É certo que, quando chegaram à Madeira, Deus não conduziu os primeiros Irmãos da Ordem Hospitaleira ao deserto. Conduziu-os ao Trapiche, uma montanha verdejante, onde outrora existia um engenho de açúcar, não sem que antes fossem ultrapassados vários obstáculos: para alguns madeirenses influentes desse tempo, era preferível ter os marginalizados abandonados à sua sorte que acolher mais uma presença de Deus!… E o caminho (quase podíamos dizer: a peregrinação) não foi realizada por "terreno chão", mas entre pedras e estreitos percursos. Nem carregavam eles bens a serem usados para seu próprio conforto: antes, como o Bom Samaritano, levavam aos ombros os primeiros doentes, incapazes alguns de percorrer por si o caminho.

Como quer que seja, aqui, neste casa, ao longo destes 100 anos, Deus tem-nos falado ao coração.
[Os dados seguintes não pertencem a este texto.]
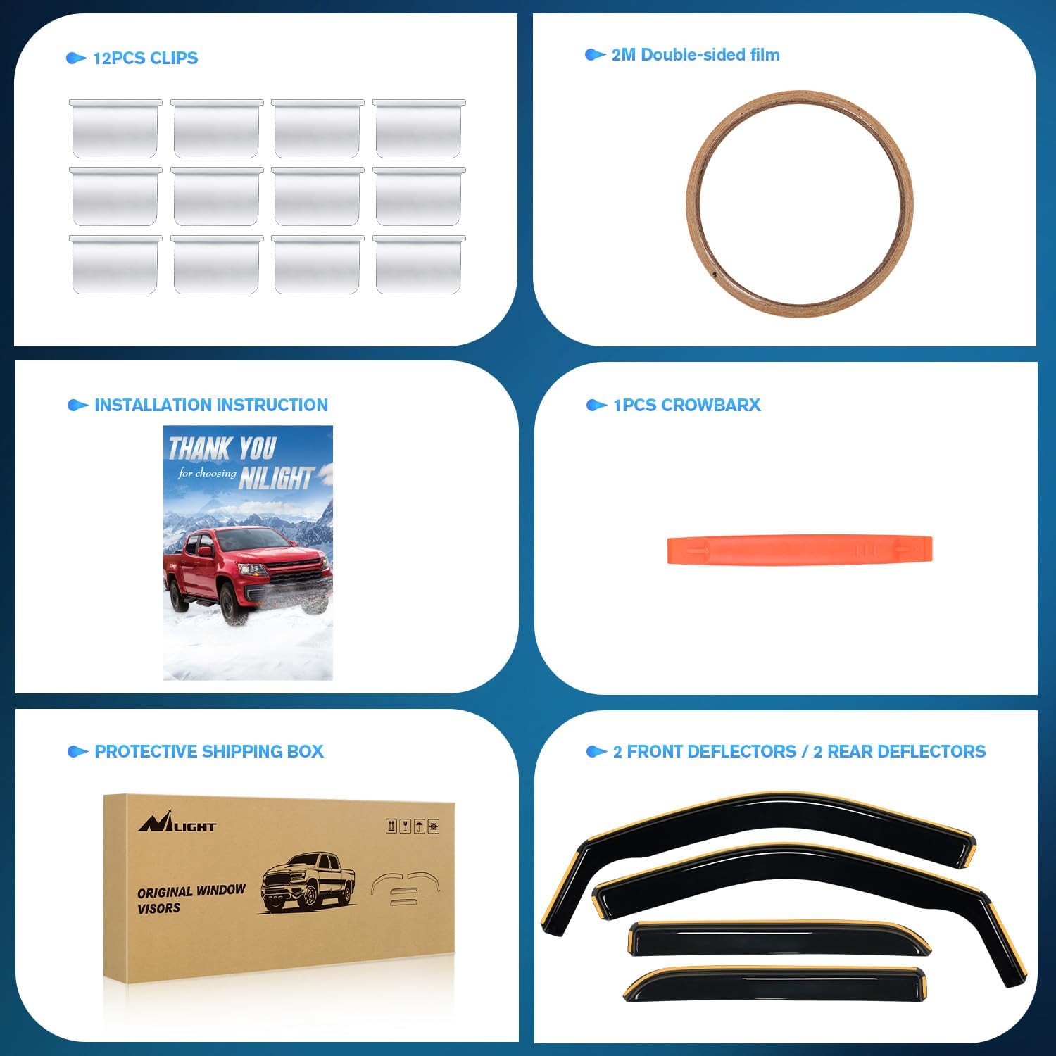 - QUICK AND EASY INSTALL: Nilight Wind Deflectors provides perfect fit for your Car. Just slip it onto your carβs window and your job is done within minutes. There is no drilling or no tools required. Be sure that window deflectors are water resistant, sun protective and will not bend, break or crack regardless of the weather conditions

Tem, certamente, falado ao coração de tantos Irmãos da Ordem Hospitaleira que aqui têm prestado serviço, oferecendo a sua vida no cuidado dos mais abandonados e marginalizados. Tem falado ao coração de tantos doentes que aqui encontram os cuidados de que necessitam. Mas tem, sobretudo, falado ao coração de toda a nossa Ilha, cuja população sabe que nesta casa pode encontrar a cura ou simplesmente o acompanhamento necessário para tantas doenças e sofrimentos do corpo ou da alma.
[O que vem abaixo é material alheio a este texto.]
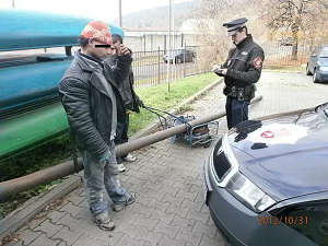 Dne 31.10.2012 v 13,00hod., prováděla hlídka městských strážníků pochůzkovou činnost v obvodu Klíše, když si v ulici Klíšská všimla dvou mužů, kteří vezli na ručním vozíku dlouhou kovovou trubku. Z tohoto důvodu strážníci dvojici mužů vyzvala k prokázání totožnosti a požadovala na nich, aby jim vysvětlili, kde k tomuto nákladu přišli. Z předložených občanských průkazů bylo zjištěno, že se jedná o Gustava M. (1980) a Luboše P. (1985). Po bližším ohledání kovové trubky hlídka zjistila, že se jedná o svodidlo, na kterém byly patrny čerstvé stopy po lámání kovu. Jmenovaní se strážníkům přiznali, že svodidlo, které měřilo 7,5 m, ulomili v ulici Štefánikova a že ho chtěli prodat ve sběrných surovinách. Po zadokumentování celé události byl jmenovaným náklad odebrán i s ručním vozíkem a případ bude dořešen u příslušného správního orgánu.

Esta casa é um verdadeiro testemunho de fé. Na eficiência dos cuidados técnicos de saúde que aqui são prestados, mas também (sobretudo!) na humanidade dispensada aos seus pacientes. Trata-se daquele mesmo testemunho que, partindo do Senhor Jesus, passando pelos Apóstolos, mártires e santos dos primeiros séculos; atravessando a vida de São João de Deus e dos outros santos da Ordem Hospitaleira (João Grande, Bento Meni, Ricardo Pampuri e Juan Jesus Andradas), nos chega hoje, proclamando a loucura do amor divino vivido no quotidiano, no cuidado daqueles que a nossa sociedade mais marginaliza. Por esse testemunho, estamos gratos a Deus. Pedimos ao Senhor que nos ajude a acolhê-lo, a agradecê-lo e a deixarmo-nos, também nós, moldar por ele.